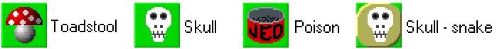 In a similar way, create three items with pictures of poisons, and one piece of the snake with a picture of a skull:
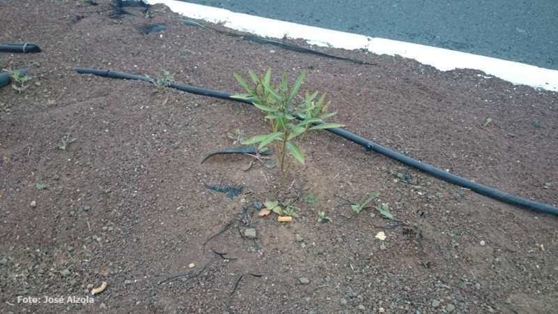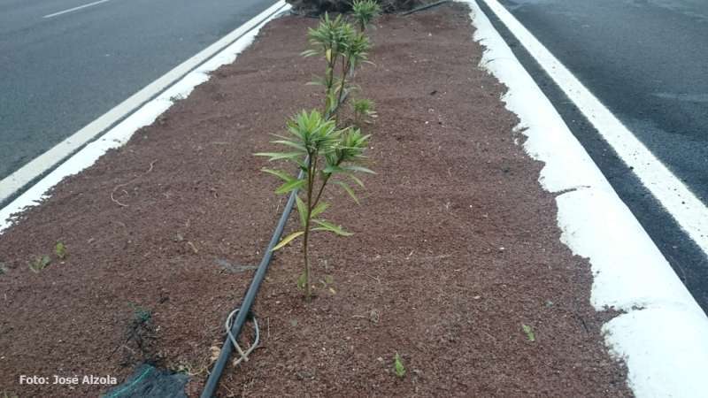 En el mismo mes de septiembre de 2014, con una diferencia de 15 días, operarios del Cabildo, plantó la misma especie, ‘Adelfas’ en los parterres de la avenida que gestiona el Cabildo, cuyo tratamiento de tierra es adecuado, como se puede observar la diferencia en el crecimiento de la misma planta es bastante concluyente.
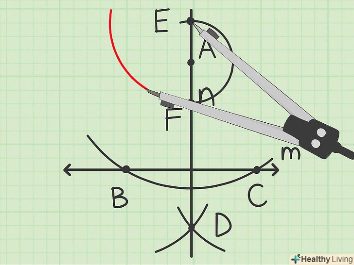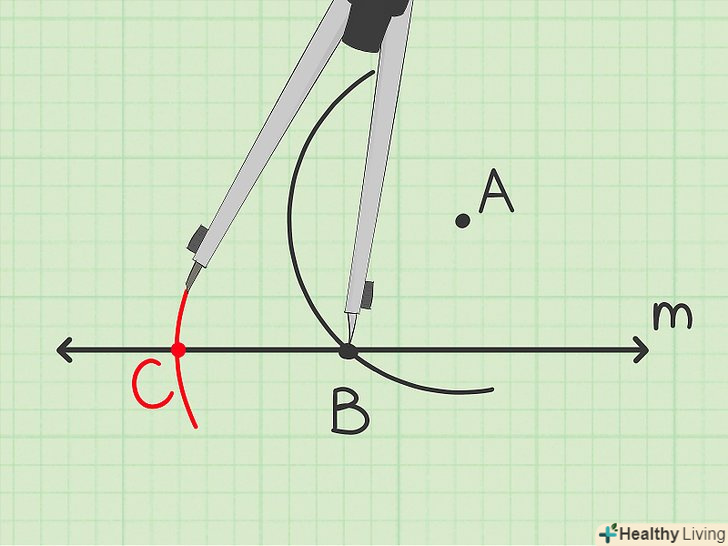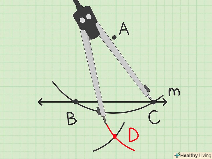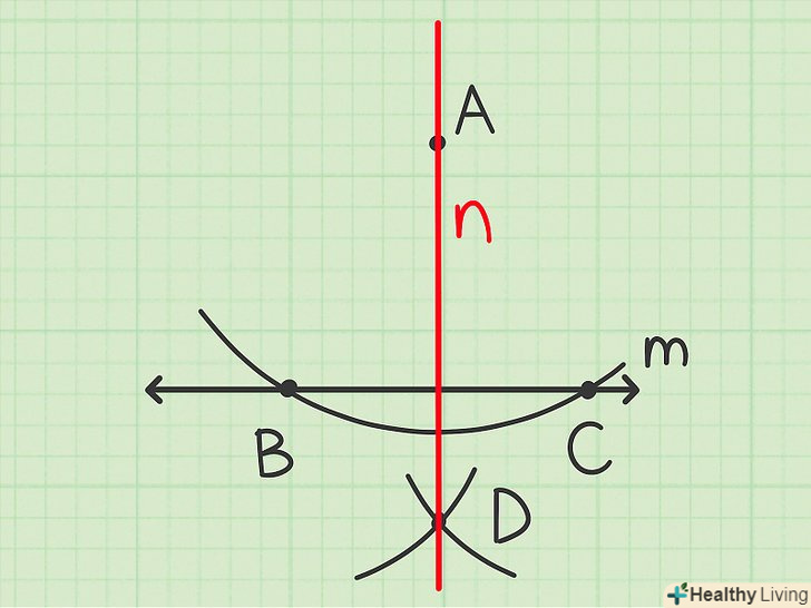 Проведіть другу дугу.не змінюючи розчину циркуля, встановіть його голку в даний точці. Проведіть дугу, яка перетне січну пряму над даною точкою і піде трохи нижче даної точки.- Наприклад, встановіть голку циркуля в точці
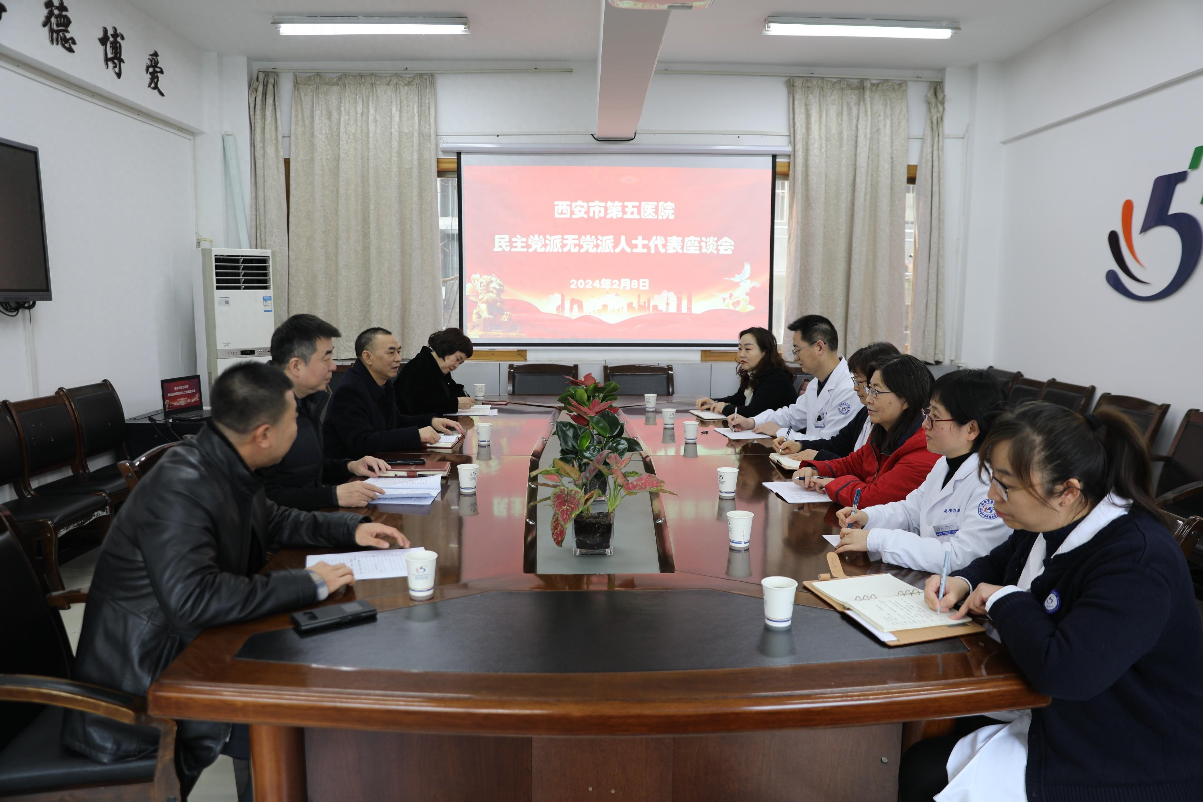 2月8日上午,西安市第五医院(陕西省中西医结合医院)党委召开医院各民主党派、无党派人士代表座谈会,共庆甲辰龙年新春,共商医院发展蓝图。刘武柱书记、郭华院长参加座谈会,会议由党办主任杜磊主持。

● **TRY IT**
Reproduce the material word for word, minus the images.

● **OUTPUT FOR THIS TASK**
 In a similar way, create three items with pictures of poisons, and one piece of the snake with a picture of a skull:
 En el mismo mes de septiembre de 2014, con una diferencia de 15 días, operarios del Cabildo, plantó la misma especie, ‘Adelfas’ en los parterres de la avenida que gestiona el Cabildo, cuyo tratamiento de tierra es adecuado, como se puede observar la diferencia en el crecimiento de la misma planta es bastante concluyente.
 Проведіть другу дугу.не змінюючи розчину циркуля, встановіть його голку в даний точці. Проведіть дугу, яка перетне січну пряму над даною точкою і піде трохи нижче даної точки.- Наприклад, встановіть голку циркуля в точці
 2月8日上午,西安市第五医院(陕西省中西医结合医院)党委召开医院各民主党派、无党派人士代表座谈会,共庆甲辰龙年新春,共商医院发展蓝图。刘武柱书记、郭华院长参加座谈会,会议由党办主任杜磊主持。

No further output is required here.